Anion exchange and anion-cation co-transport systems in mammalian cells.

Electroneutral anion transfer in the Ehrlich ascites tumour cell has been found to occur by two separate mechanisms. One is an exchange diffusion system with many similarities to that found in erythrocytes, e.g. saturation kinetics with 'self-inhibition', a relatively pronounced temperature dependence, competitive interactions of Br-, NO3- and SCN-, and a low conductive PCl- of 4 x 10(-8) cm s-1. The main differences are that the Cl- flux in Ehrlich cells at 38 degrees C is one thousandth of the flux in red cells, and that the specificity of the system is less pronounced. It is suggested that the density of anion exchange sites in Ehrlich cells could be the same as in red blood cells, but with a lower turnover rate.
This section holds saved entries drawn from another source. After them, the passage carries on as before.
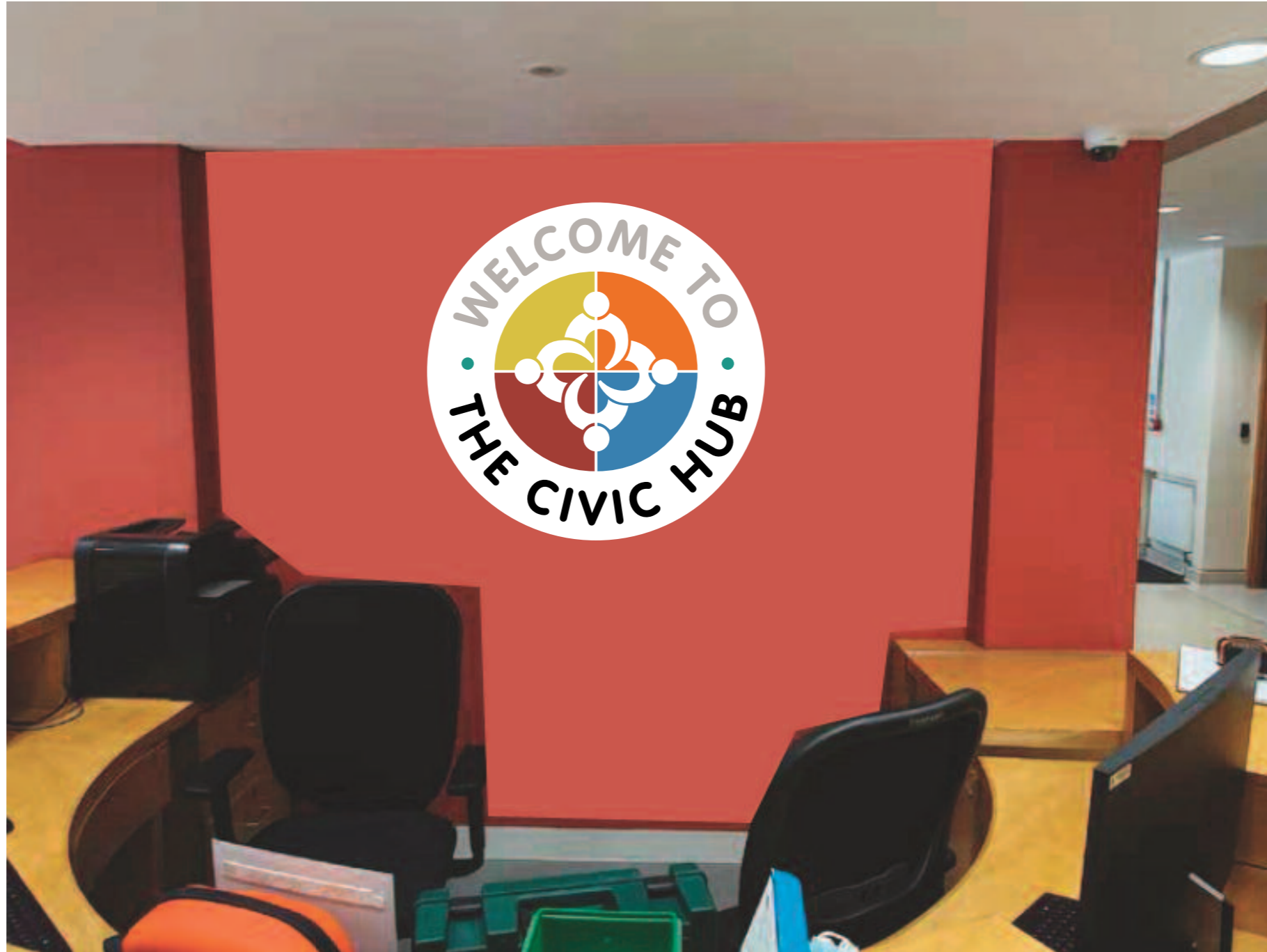
RECEPTION WALL GRAPHIC – AFFIXED TO BACK OF RECEPTION WALL / © martyn royce 2021
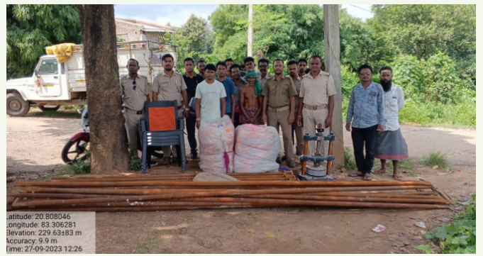
Support for livelihood promotion at Tabalbanji VSS, Bolangir Division
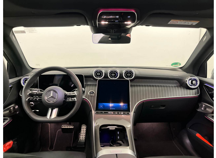
Figure 8: Instrument panel
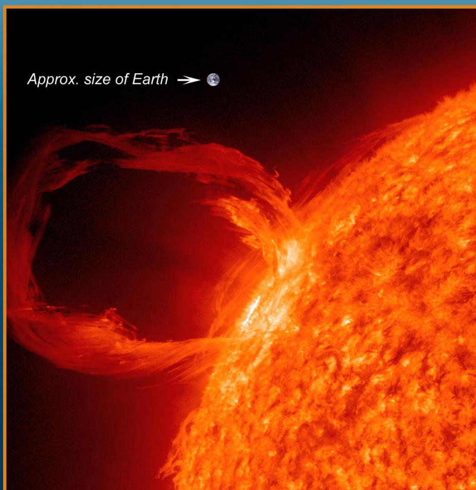
Solar eruptive prominence – March 30, 2010
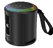
Pebble Bluetooth Speaker
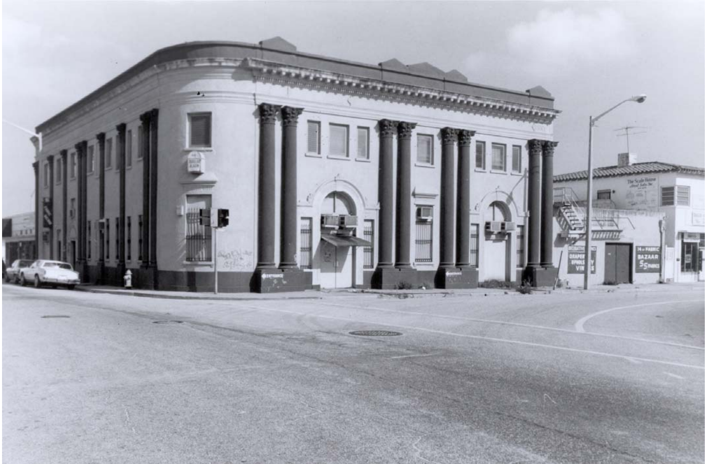
Citizens Bank 1367 N. Miami Avenue
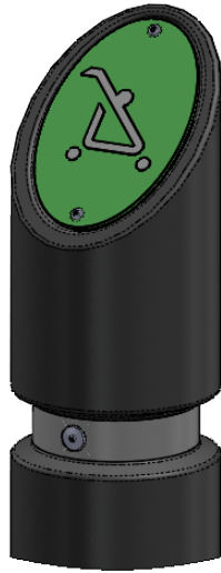
Signage options available
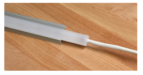
Slide the cover / bar / tape light into the aluminum channel.
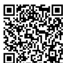
T800-EX 3D demo
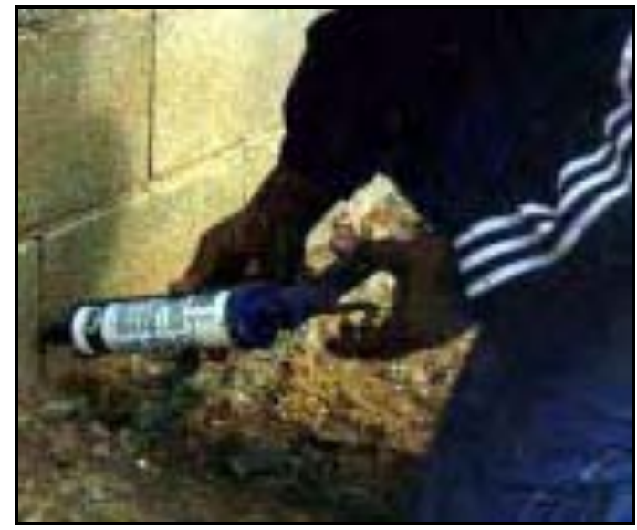
Seal holes with caulk
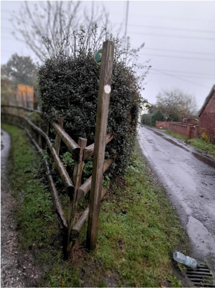
Moss Lane finger post with BW blade
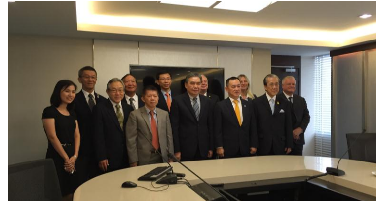
Minister of Finance
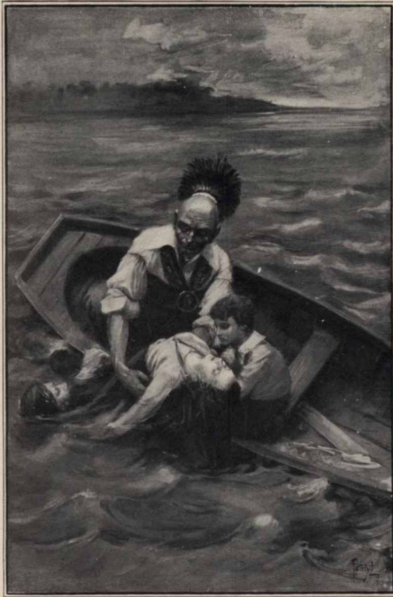
BLACK HAWK RESCUING GILBERT'S FATHER AND MOTHER. PAGE 33
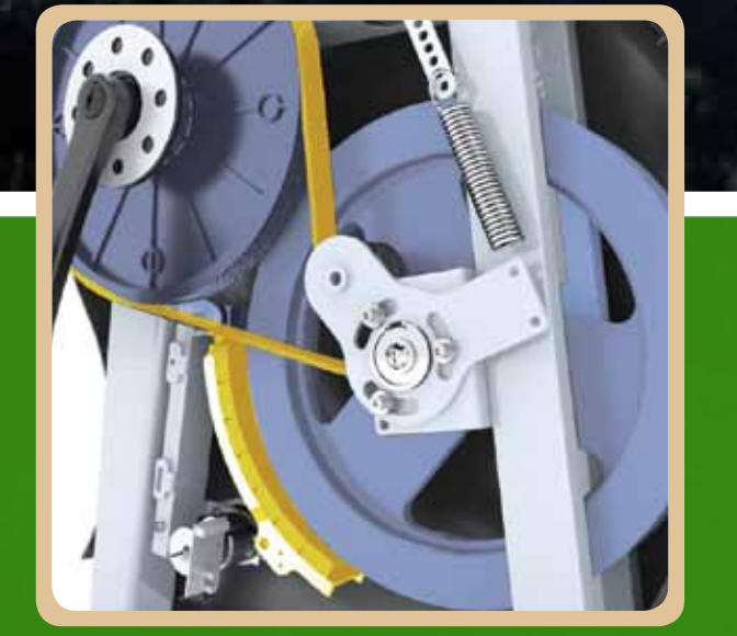
Friction-free magnetic resistance and large Poly-V belts make our bikes exceptionally smooth and quiet.

Vision Fitness® bikes provide years of maintenance-free performance without jarring or jerking, keeping your focus where it needs to be—on your goals. We pioneered the friction-free magnetic resistance system with no wearing parts for maximum performance and durability. Combine this system with our optimally-weighted flywheel, and you get the smoothest resistance system available. When the resistance level is changed on the console (even in the middle of a workout), the transitions are leader in the fitness bike industry. smooth, gradual, and fluid.
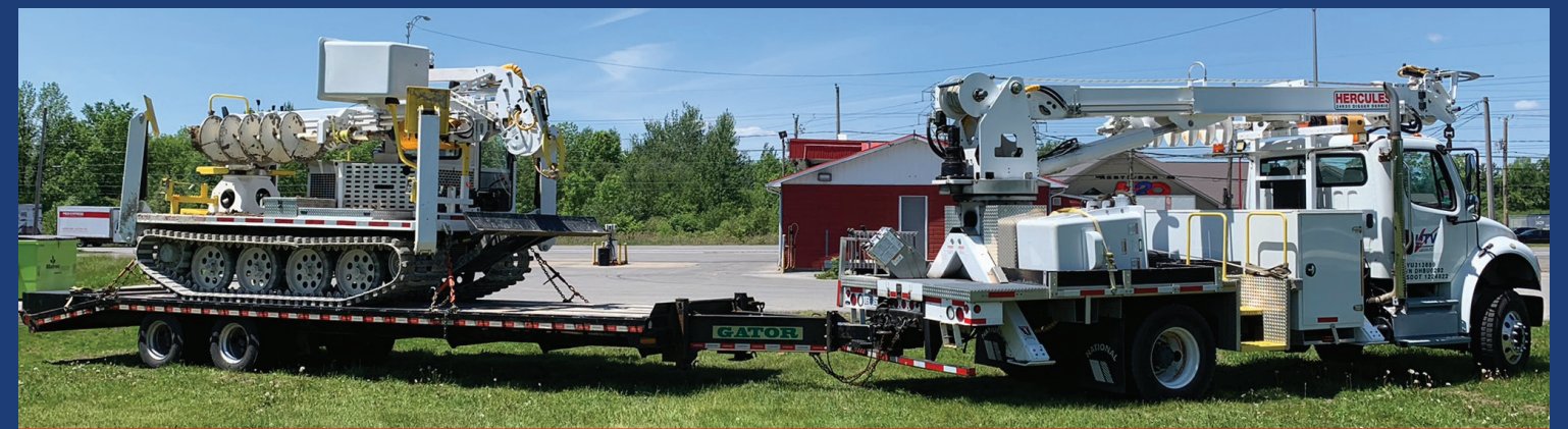
RT-02 DD Tracked Digger Derrick is easily transportable to jobsite on a dual axle trailer behind a single axle bucket truck
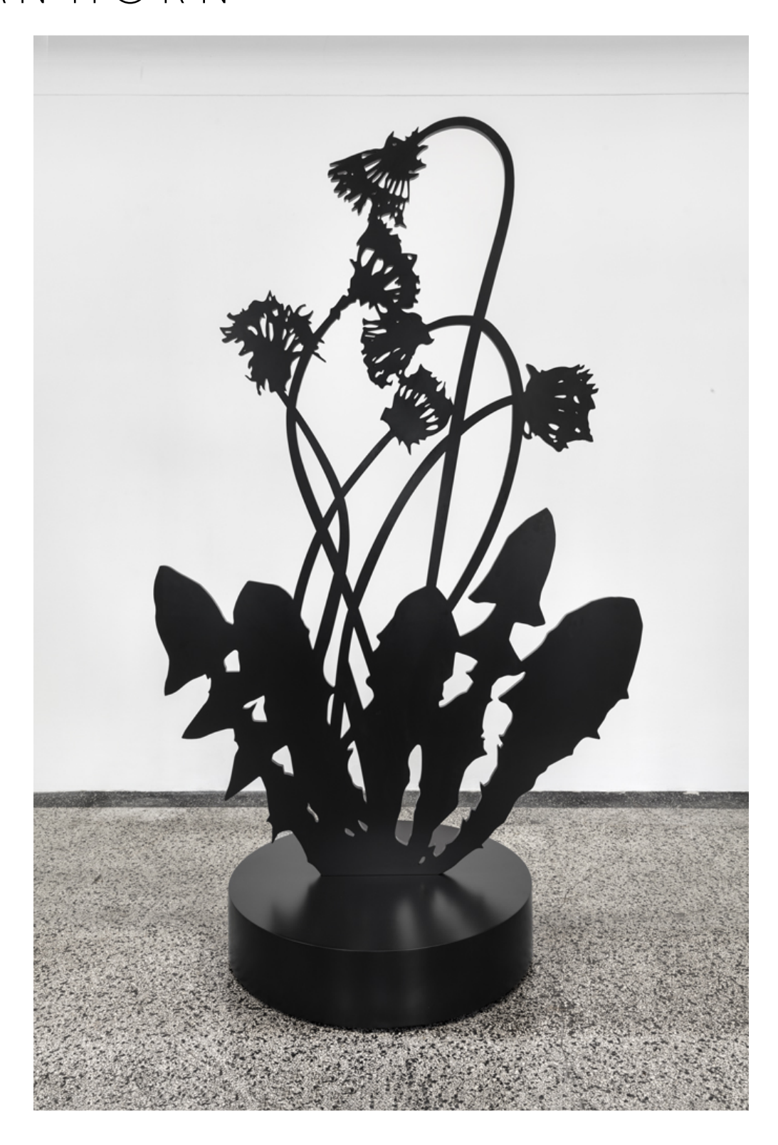
MOR_024_VH Paul Morrison Mystacidium, 2022 Powder-coated aluminum H. 235 x 151 x 90 cm Ed. 5 courtesy VAN HORN, Düsseldorf
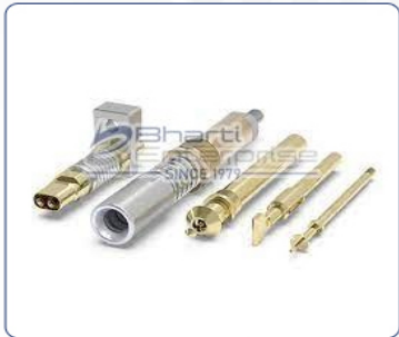
Brass Contact Probes
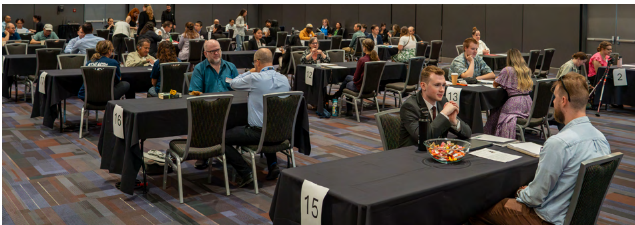
The Reverse Job Fair, held at the Vancouver Convention Centre East. The job fair - where employers rotated through the event, visiting job seekers, rather than the other way around - ensures opportunities are accessible and inclusive to all job seekers.
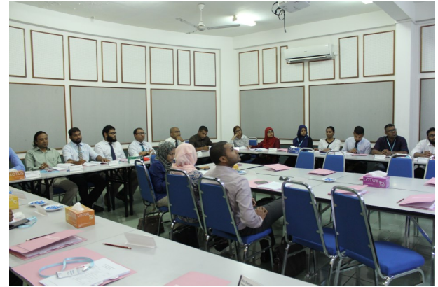
ڈیپارٹمنٹ آف ایجوکیشن ڈائریکٹوریٹ برائے تعلیم و تربیت کی 2015ء کی کانفرنس
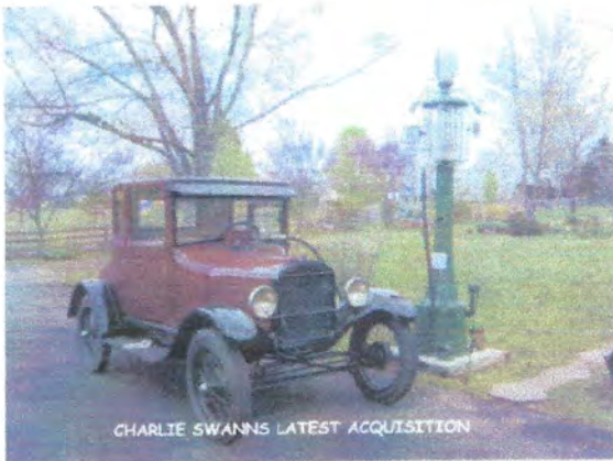
CHARLIE SWANN'S LATEST ACQUISITION
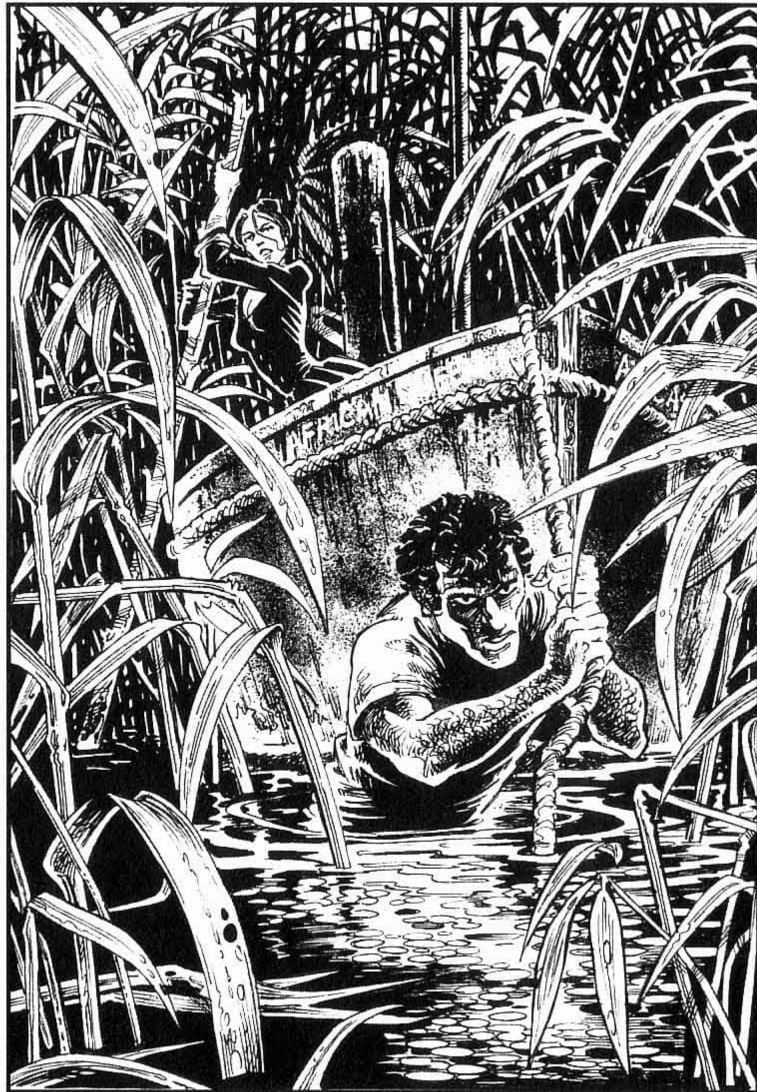
Allnutt tried to pull the boat along behind him.

‘All right,’ said Rose. ‘Give me the boat hook.’
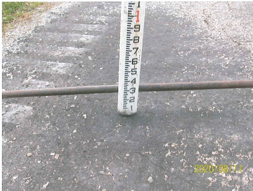
TR-218 rutting west bound lane
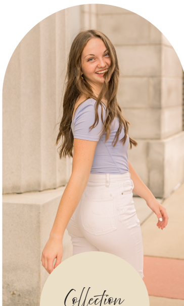
Collection No. 2
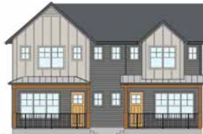
SCHEME 5 - FLIPPED UNIT A / UNIT B | 6003 / 6005
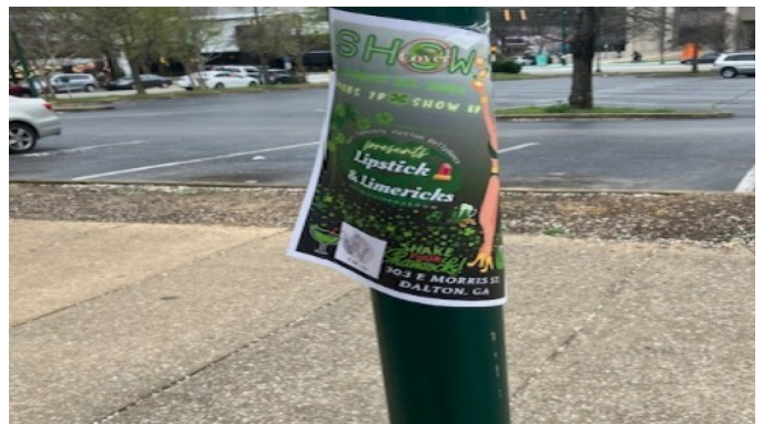
Flyer on light pole.
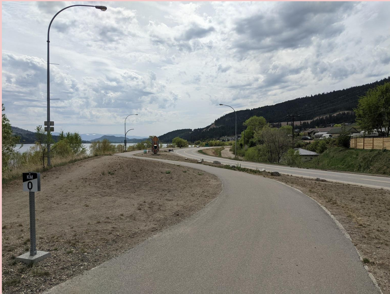
Stagecoach Road as it is today (Railtrail Pelmewash Parkway)
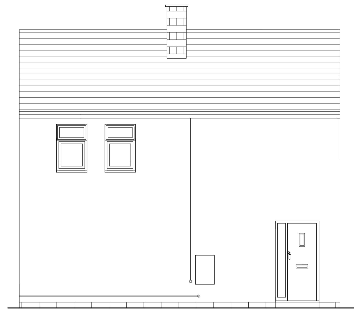
Side Elevation (facing west)
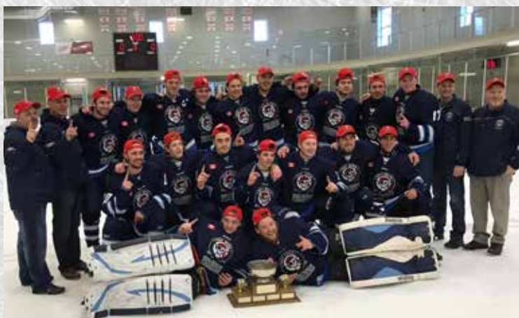
PORT DOVER PIRATES JUVENILE CC-C
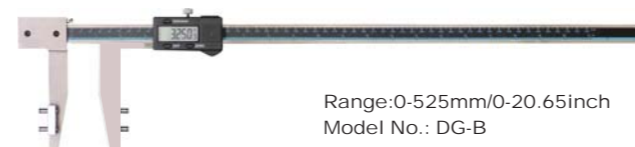
Range: 0-525mm/0-20.65inch Model No.: DG-B
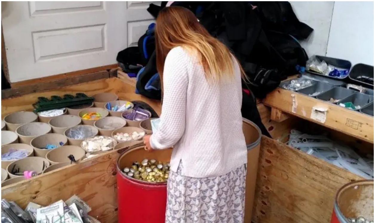
Using waste materials found in a scrap store.

Previous winners of the Sustainable Project of the Year category were Penzance's Jubilee Pool and the Museum of Oxford's Queering Spires: a history of LGBTIQA+ spaces exhibition.
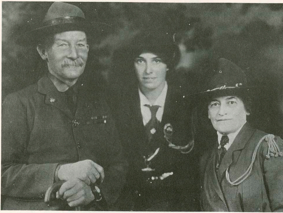
Sir Robert Baden-Powell (founder of the Boy Scouts), Lady Baden-Powell and Juliette Low, 1919.

During the first year of Council operation under professional leadership, Scouting grew in Manitowoc from three active troops with 56 registered Scouts to eight troops with 176 registered Scouts.
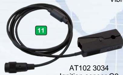
11 AT102 3034 Ignition sensor G2
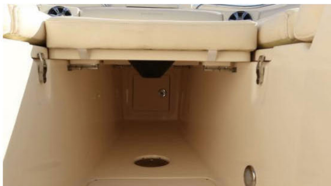
Notice how the table can rest on, and then latch into, ledges to both sides. In this manner, both the sun pad and casting deck are created.
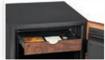
Small Walnut Slide Drawer (Additional Drawers Available)
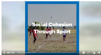
[VIDEO] Social Cohesion through Sports in Rakhine
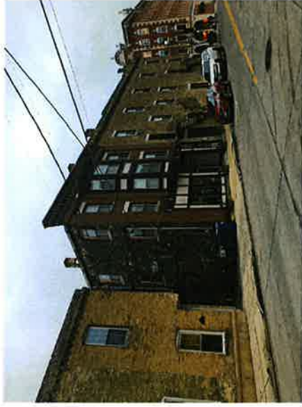
Building to the east
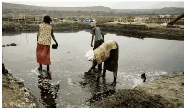
Some women mine salt in Lake Katwe, Kasere District.

The Africa Institute for Energy Governance (AFIEGO) has petitioned the Minister of Energy and Mineral Development, Mary Goretti Kitutu, calling for urgent protection of artisanal salt miners at Lake Katwe.
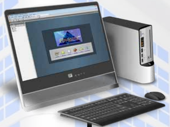
AX Supervisor Network Server

Using Niagara WorkPlace AX, a systems integrator can configure and commission Niagara building controllers, operator workstations and Sedona Framework ™ field controllers — creating a building automation system that can be scaled for small, medium and large buildings.
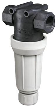
AA126ML-3 or -4
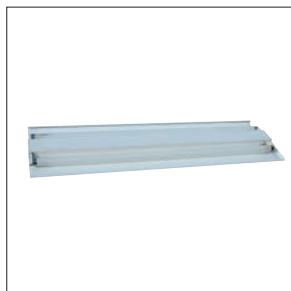
Corp fluorescent tip OCTANORM cu doua tuburi D-171 Cod 019.010.200.000

The other system is an anion-cation co-transport system capable of mediating a secondary active Cl- influx. This system has a volume-regulatory function and is activated by a reduction in cell volume and intracellular [Cl-]. The two transport systems can be separated by using DIDS as an inhibitor of anion exchange and bumetanide as an inhibitor of co-transport. Under normal steady-state conditions Cl- flux is dominated by the exchange system. It is suggested that intracellular pH regulation can be achieved by the two systems operating in parallel, because the chloride disequilibrium maintained by the co-transport system can drive an influx of bicarbonate through the exchange mechanism.